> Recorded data
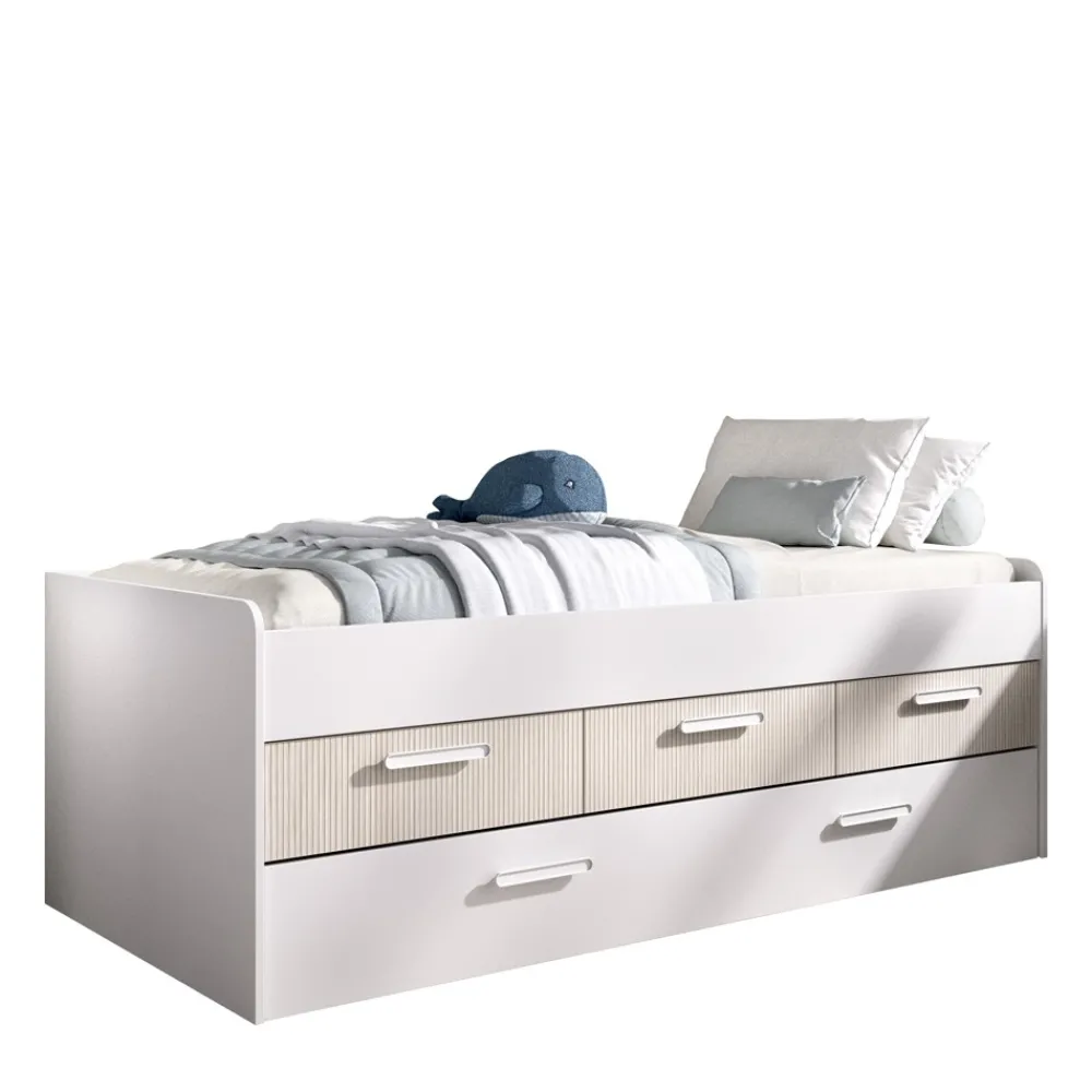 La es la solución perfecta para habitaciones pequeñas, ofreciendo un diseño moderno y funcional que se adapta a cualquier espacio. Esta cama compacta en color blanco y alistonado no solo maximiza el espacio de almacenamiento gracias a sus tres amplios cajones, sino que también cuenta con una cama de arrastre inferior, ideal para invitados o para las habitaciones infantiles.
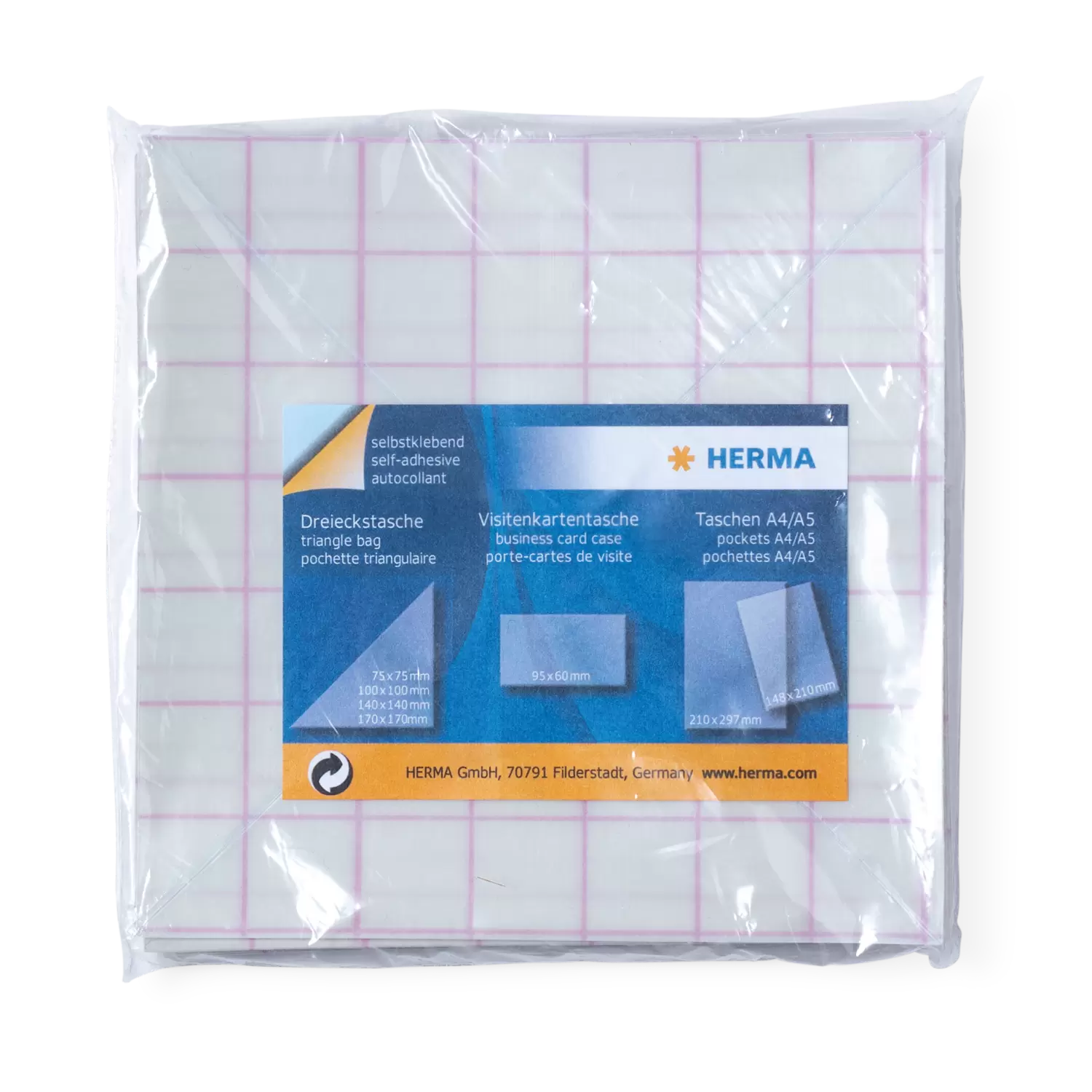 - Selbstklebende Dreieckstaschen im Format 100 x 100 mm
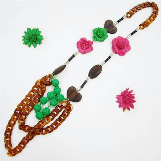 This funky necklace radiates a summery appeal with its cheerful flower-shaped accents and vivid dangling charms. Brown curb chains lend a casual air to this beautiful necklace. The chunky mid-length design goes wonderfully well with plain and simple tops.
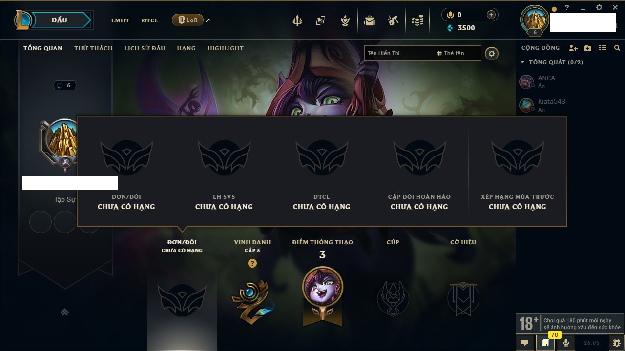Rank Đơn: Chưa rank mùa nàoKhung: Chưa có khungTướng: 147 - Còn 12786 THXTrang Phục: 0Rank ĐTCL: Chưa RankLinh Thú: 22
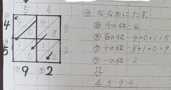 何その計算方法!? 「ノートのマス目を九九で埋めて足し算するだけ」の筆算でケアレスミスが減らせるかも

> Work instruction
Each line from the one with "- Selbstklebende Dreieckstaschen" to the final line of the data above is to be printed exactly; no picture should appear in the copy.

> Solution to the problem
 - Selbstklebende Dreieckstaschen im Format 100 x 100 mm
 This funky necklace radiates a summery appeal with its cheerful flower-shaped accents and vivid dangling charms. Brown curb chains lend a casual air to this beautiful necklace. The chunky mid-length design goes wonderfully well with plain and simple tops.
Rank Đơn: Chưa rank mùa nàoKhung: Chưa có khungTướng: 147 - Còn 12786 THXTrang Phục: 0Rank ĐTCL: Chưa RankLinh Thú: 22
 何その計算方法!? 「ノートのマス目を九九で埋めて足し算するだけ」の筆算でケアレスミスが減らせるかも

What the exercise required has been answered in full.